Мужчина, изучающе посмотрев на девушек, одетых в какие-то отрепья, и на седую голову Любы, ответил вопросом на вопрос:

— Уж не себя ли вы рекомендуете?

— Да, да, именно себя. Я — скрипачка, а моя подруга Люба замечательная певица.

Разглядывая девушек с наглой откровенностью, хозяин сказал:

— Ну что ж, продемонстрируйте мне свое искусство, может быть я возьму вас, если вы умеете играть и петь популярные песни.

От неожиданности Надя растерялась. Во-первых, уже много лет она не держала скрипку в руках, а во-вторых у нее вообще не было скрипки. Немного смутившись, она ответила хозяину:

— Знаете, мы все потеряли во время войны. Моя скрипка осталась дома, поэтому, если бы вы могли мне достать любую скрипку, чтобы я потренировалась, то за это я буду играть у вас бесплатно, только за еду. А Люба может спеть прямо сейчас. Вас смущает ее седина? Но это легко поправить, можно просто покрасить волосы.

Хозяин продолжал изучающею смотреть на девушек и уже более мягко сказал:

— Ну что ж, пусть споет!

Люба подошла к пианино, которое стояло в углу, и села за инструмент.

Неожиданно ее голос штопором взвился к потолку, и было ощущение, что он пробил его. Комната наполнилась звуками потрясающего колоратурного сопрано. Это была неаполитанская песня из репертуара Карузо. Ошарашенный хозяин широко открыл рот и так стоял до тех пор, пока Люба не закончила петь. Не зная, как себя вести после того, что он услышал, хозяин вдруг заговорил, обращаясь к Наде, но уже совсем другим тоном.

— Если вы так же играете, как она поет, то я вам достану скрипку и вас обеих возьму на работу. Платить сразу не смогу, но дам вам еду и жилье у меня на втором этаже, над рестораном. А наши клиенты сейчас военные американцы, они платят щедрые чаевые, так что вы обе будете хорошо зарабатывать. Приходите завтра, у вас будет скрипка.

Такой удачи девушки не ожидали. Окрыленные, они бежали к себе домой. Всю дорогу Надя благодарила Любу, приписывая ей успех, сама волнуясь, что не сможет сыграть ни одной ноты после длительного перерыва.

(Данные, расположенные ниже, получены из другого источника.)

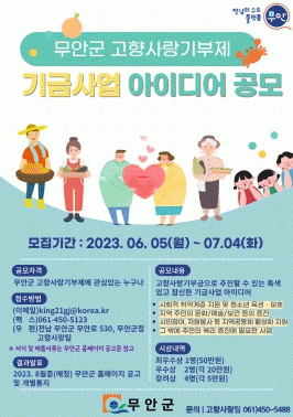 À̹ø ¾ÆÀ̵ð¾î °ø¸ðÀüÀº Áö³ 1¿ù 1ÀϺÎÅÍ ½ÃÇàµÈ °íÇâ»ç¶û±âºÎÁ¦¸¦ ÅëÇØ ¸ð±ÝµÈ ±âºÎ±ÝÀ» Áö¿ªÁÖ¹ÎÀÌ ÇÊ¿ä·Î ÇÏ°í ±âºÎÀÚ°¡ °ø°¨ÇÒ ¼ö ÀÖ´Â ±â±Ý»ç¾÷À» Àû±Ø ¹ß±¼ÇϰíÀÚ Àü ±¹¹Î ´ë»óÀ¸·Î °ø°³ ¸ðÁýÀ» ÁøÇàÇÑ´Ù.
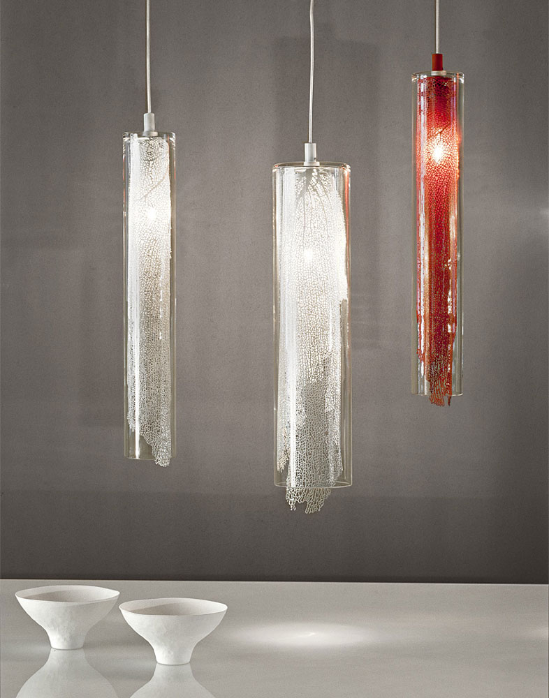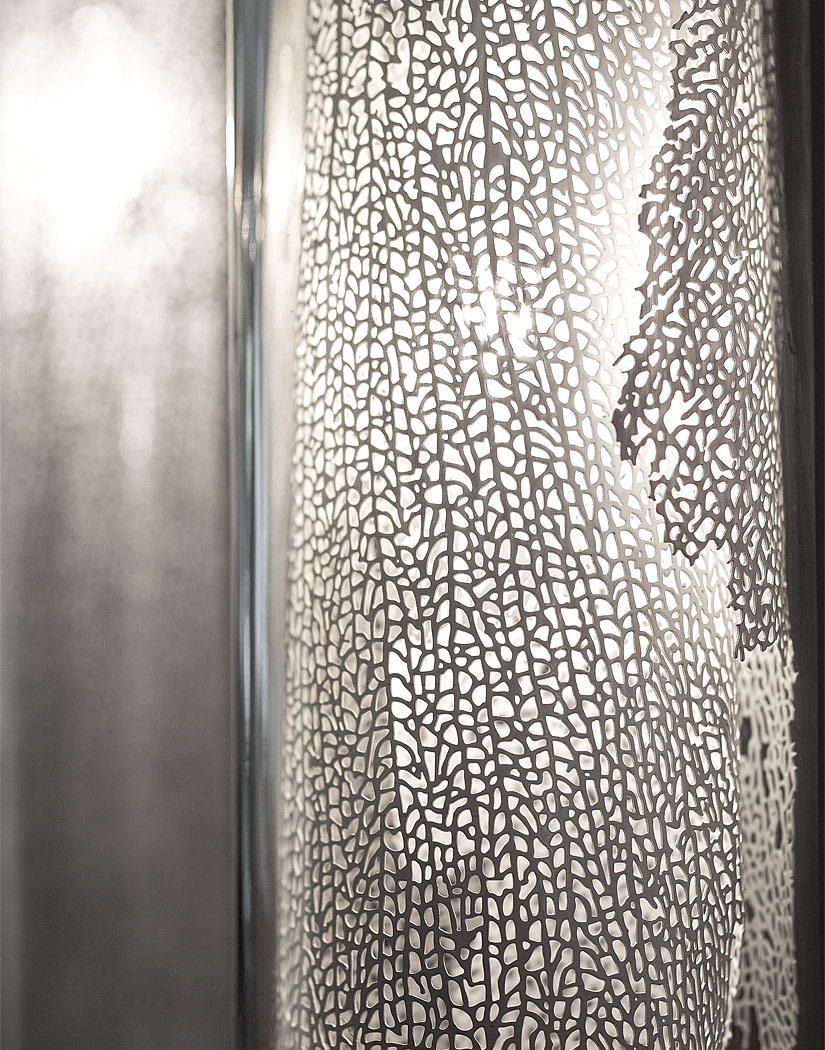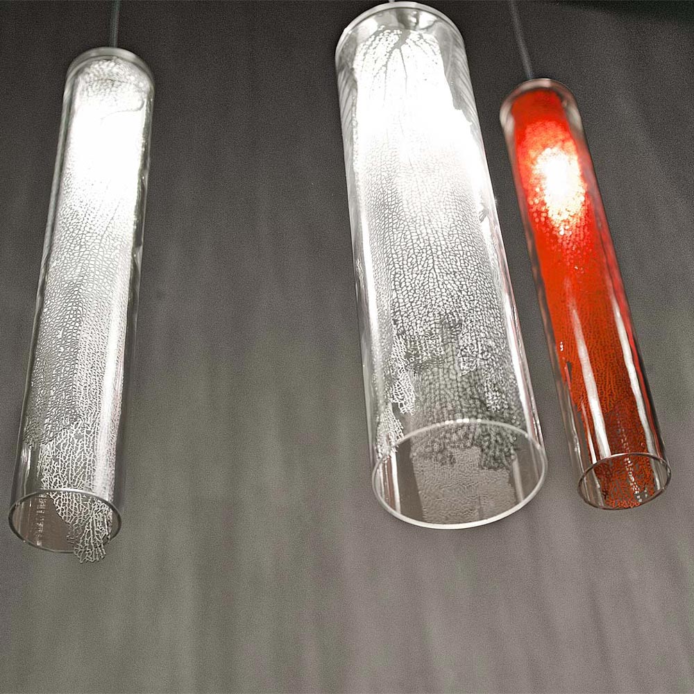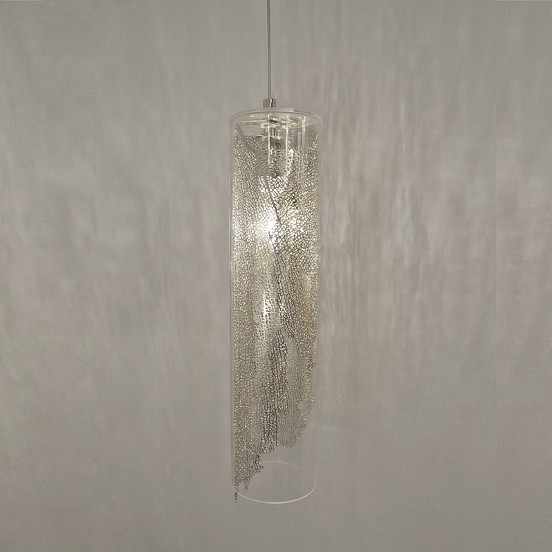 Подвесной светильник Terzani из коллекции Frame. В прозрачную колбу из боросиликатного стекла вложен металлический лист в виде корала серебряного цвета. Скрытый внутри, как в луковице, источник света создает внутреннее свечение металлического листа. Благодаря неравномерной структуре отверстий в "кораловом листе", имитирующей неповторимость в природе, свет смешивается и создает динамическую светотень. Цвет металла может быть: белый, красный, позолоченный или посеребренный. Дизайн Terzani LAB.
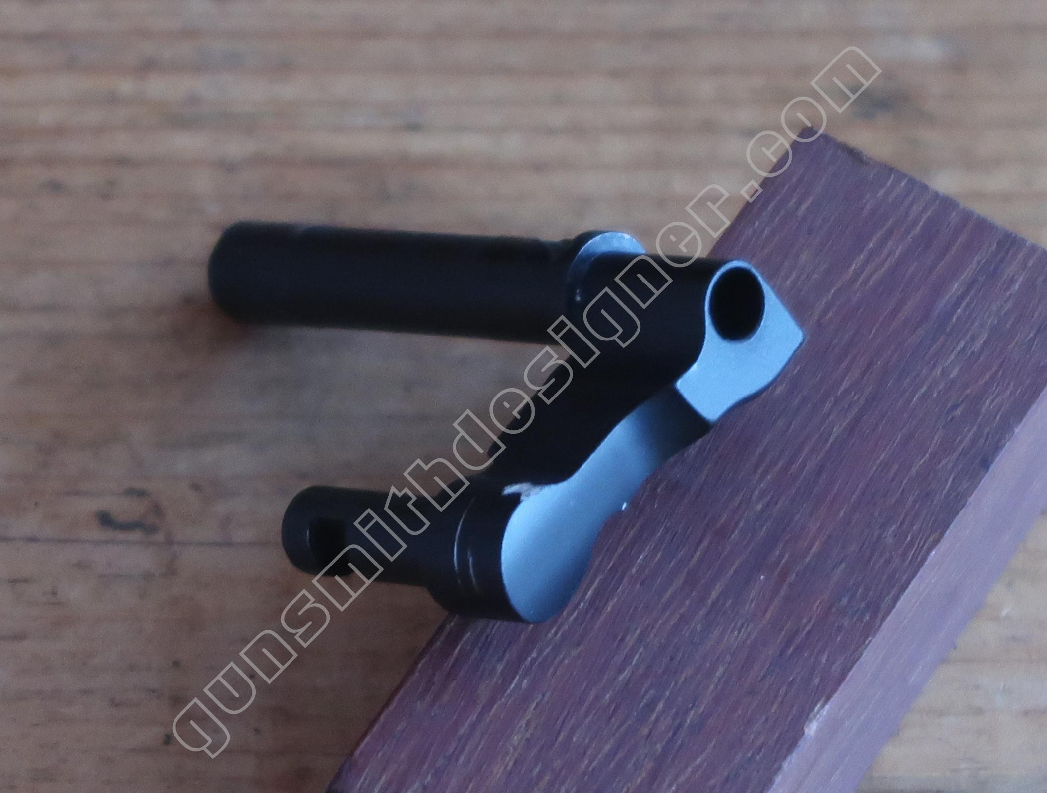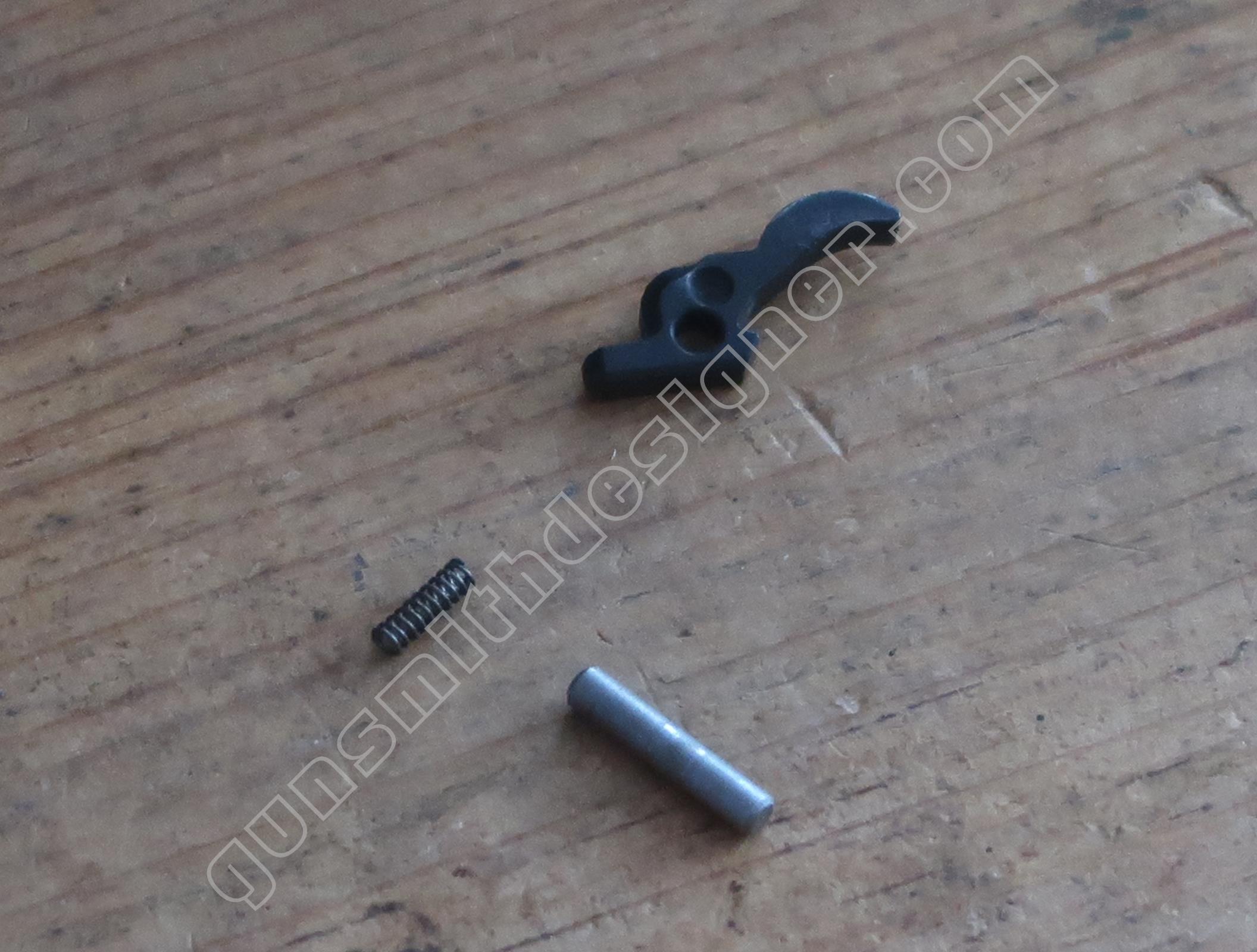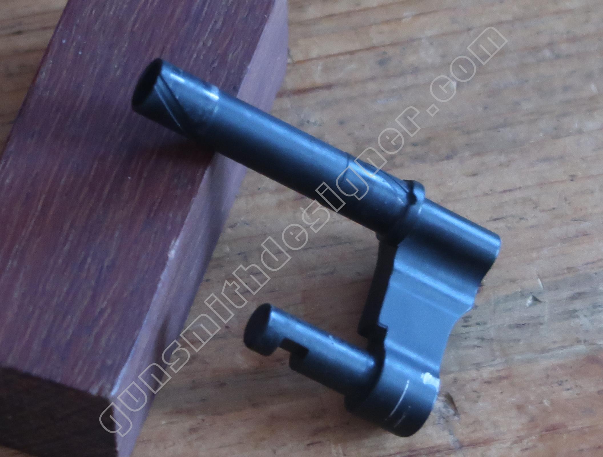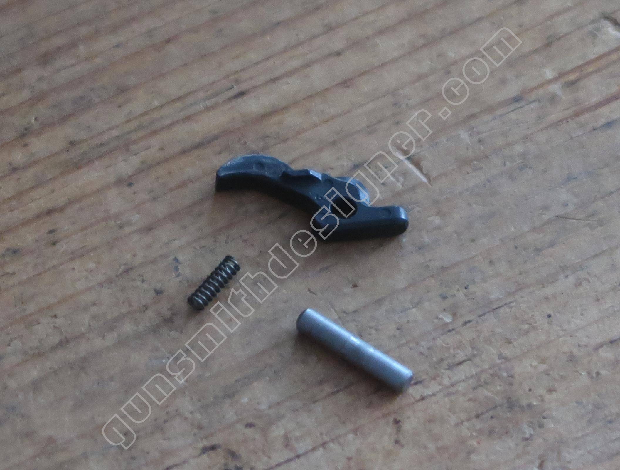 La commande du verrou de barillet est portée par la queue de détente. C’est également une pièce de micro-fusion. Elle est mue par un ressort hélicoïdale de dimensions : longueur : 9 mm, diamètre extérieur : 2,9 mm, diamètre du fil : 0,2 mm. un petit cylindre en acier le maintien sur la queue de détente.
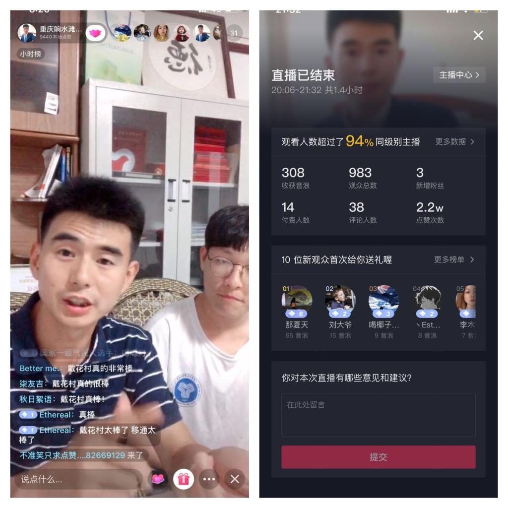 戴花村“直播带货”,开启了“青春助力”的崭新模式。戴花村的特色农产品—莲蓬,品种多、品质好、品位高,但由于疫情原因,导致农产品销售受阻。因此,志愿者们与戴花村团支部书记何波联合行动,通过抖音直播平台详细介绍和“花式”推销了特色莲蓬,全面提高了农产品对外供需信息的对接效率。此次直播,点赞人数高达2万余次,深受广大网友喜爱,“移通学子真优秀”、“戴花村太棒了”、“莲子特好吃”等话语频繁地出现在弹幕上,成功的体现了这次直播为戴花村农产品带来的良好效应。
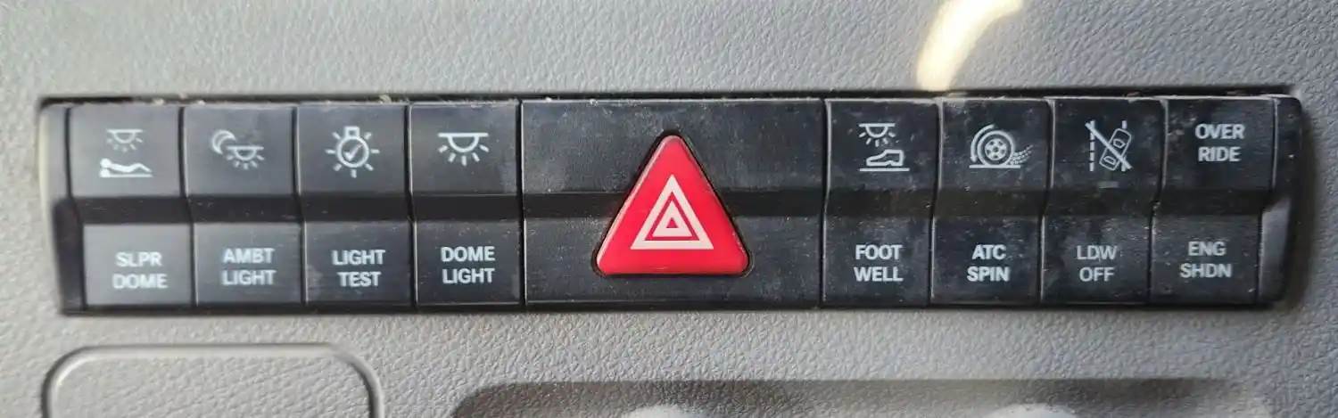 (Used) 2019 Freightliner Cascadia 126, MISCELLANEOUS DASH SWITCHES- Controls: Sleeper Dome, Ambt Light, Light Test, Dome Light, Hazard Lights, Foot Well, Atc Spin, Ldw Off, Override Eng Shdn, Material: Plastic, Reference images for condition, For more information about this item, give us a call. We ship Worldwide! (CRG HEAVY TRUCK PARTS) 929 W PULASKI HWY ELKTON, MD 21921, Material: Plastic
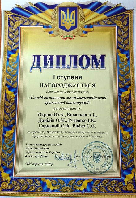 Патент на корисну модель «Спосіб визначення межі вогнестійкості будівельної конструкціЇ» № 138535. Автори розробки: Отрош Ю.А., Ковальов А.І., Данілін О.М., Рудешко І.В., Гаркавий С.Ф., Рибка Є.О., Публікація відомостей про видачу патенту: 25.11.2019, бюл. № 22/2019.
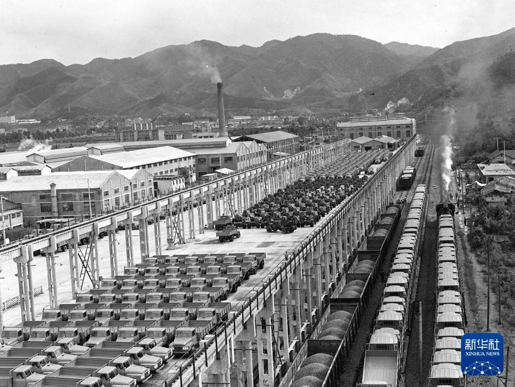 1984年,二汽生产的EQ140载货车源源不断地运往全国各地。新华社记者 花皑 摄
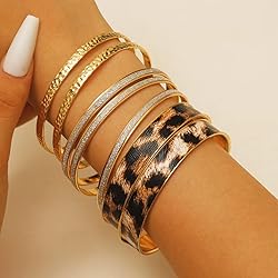 Chunky Leopard Bracelets Set: The Leopard print elements bring a wild, trendy vibe. Multiple stylish bracelets in one pack, including some eye- catching leopard print bangles and some gold toned bangles. Different styles bracelets will have different beauty, you can wear alone or together with other chains to form a sense of hierarchy. Size: Easy to slip on and off and fit most people's wrist, not too tight or too loose, providing you a comfortable wearing experience. Suitable Occasions: Suitable for various occasions. You can wear this leopard styles with anything. This bracelets can be worn alone for a delicate look or layered with other bracelets for a trendy style statement. Meaning Gifts: These bohemian chunky leopard stackeble bracelets can be a good gift for your wife, mom, daughter, sister or friend's on birthday, wedding, anniversary, graduation, Valentine's Day, Mother's Day, Thanksgiving, Christmas, etc. Service: If you have any questions, please contact us by email. We will reply and provide relevant services.
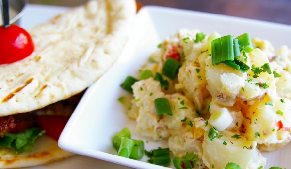 Сварете картофите и ги обелете. Измийте пиперките, сварете ги и също ги облете. Поставете ги в блендер заедно с чесъна, оцета, зехтина и солта. С полученото пюре залейте нарязаните на кубчета карто...
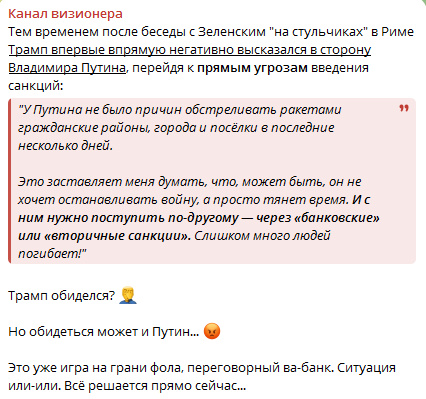 Цитата: Администратор от 28.04.2025, 22:08Похоже, то, о чем мечтал Киев, разозлить Трампа на Москву, Кремль успешно делает собственными усилиями. После переговоров с Уиткоффом Лавров лично дезавуирует все положительные итоги.
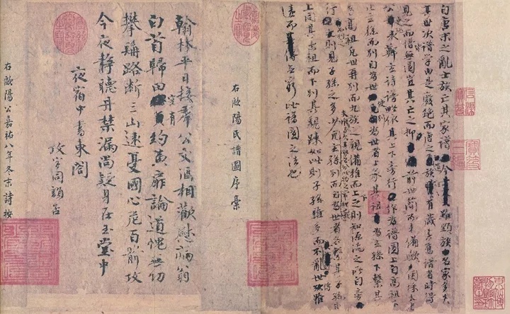 欧阳修《谱图序稿》,实际上包括《欧阳氏谱图序》和《夜宿中书东閤》七律一首。从跋文中可知前者作于至和二年(1055),作者时年四十九岁,后者作于嘉祐八年(1063),时年五十七岁。
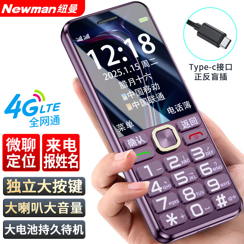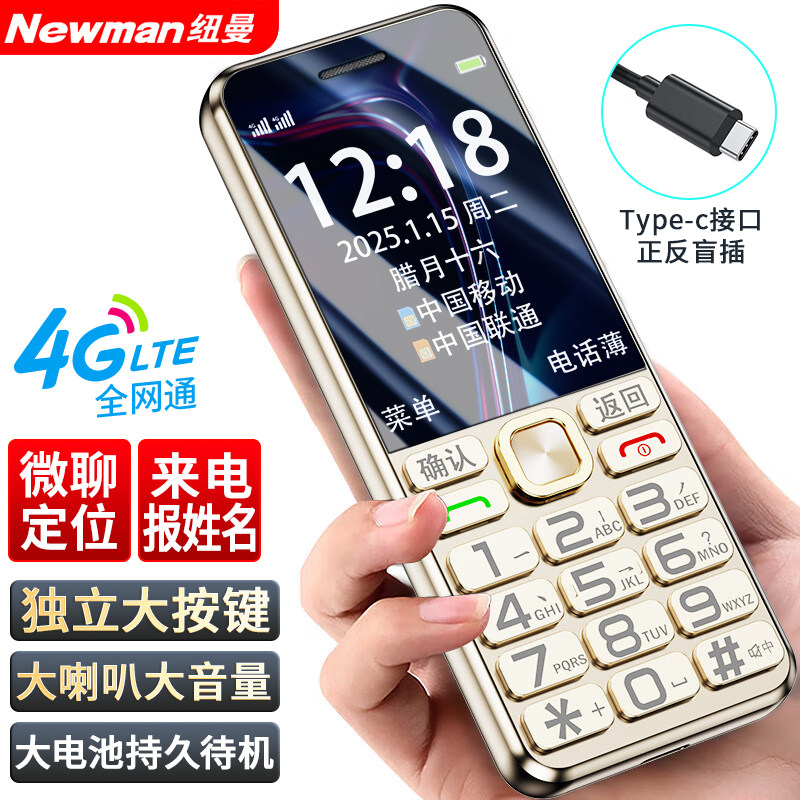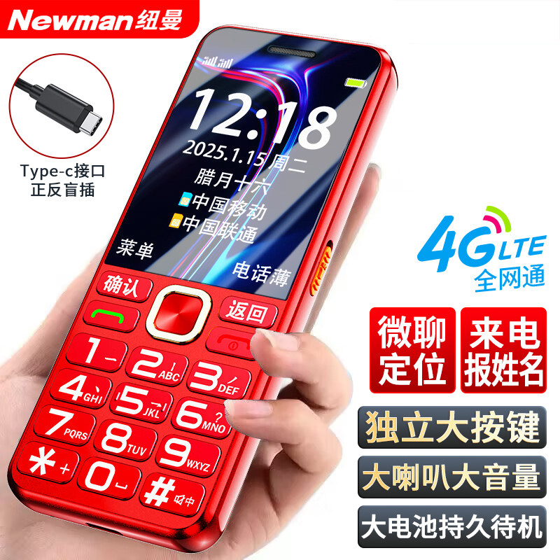 [官方旗舰店]纽曼N105正品老人手机超长待机老年机大屏大字大声4G全网通移动联通电信版男女学生非智能按键机

— Ну что ты, Наденька, — возражала Люба. — Как только ты возьмешь скрипку, она сама запоет в твоих руках. Нельзя потерять то, что тебе дано Богом. Кстати, о Боге. Я считаю, что нам надо пойти в церковь и поблагодарить Бога за его милость.

— Что с тобой, Люба, как мы можем идти в церковь, ведь мы не русские, — возмутилась Надя. — Я никогда не пойду в церковь!

— Ну и зря, а я пойду! — настаивала Люба. — Как только наши соседи по бараку пойдут, я пойду с ними! Я верю, что Бог есть, и я хочу Его поблагодарить.

— Слушай, Любушка, я не спорю, конечно, Бог есть, только у нас, у евреев, другой Бог. Так мне всегда говорила моя бабушка. Моя бабушка ходила не в церковь, а в синагогу. Если хочешь, давай пойдем в синагогу.

— Ты совсем сошла с ума! — возмутилась Люба. — Во-первых, какая синагога может быть в Германии, а если бы она и была, то можем ли мы пойти туда? А что будет, если нас кто-то увидит? Нет, нет, Надюша, ты не права.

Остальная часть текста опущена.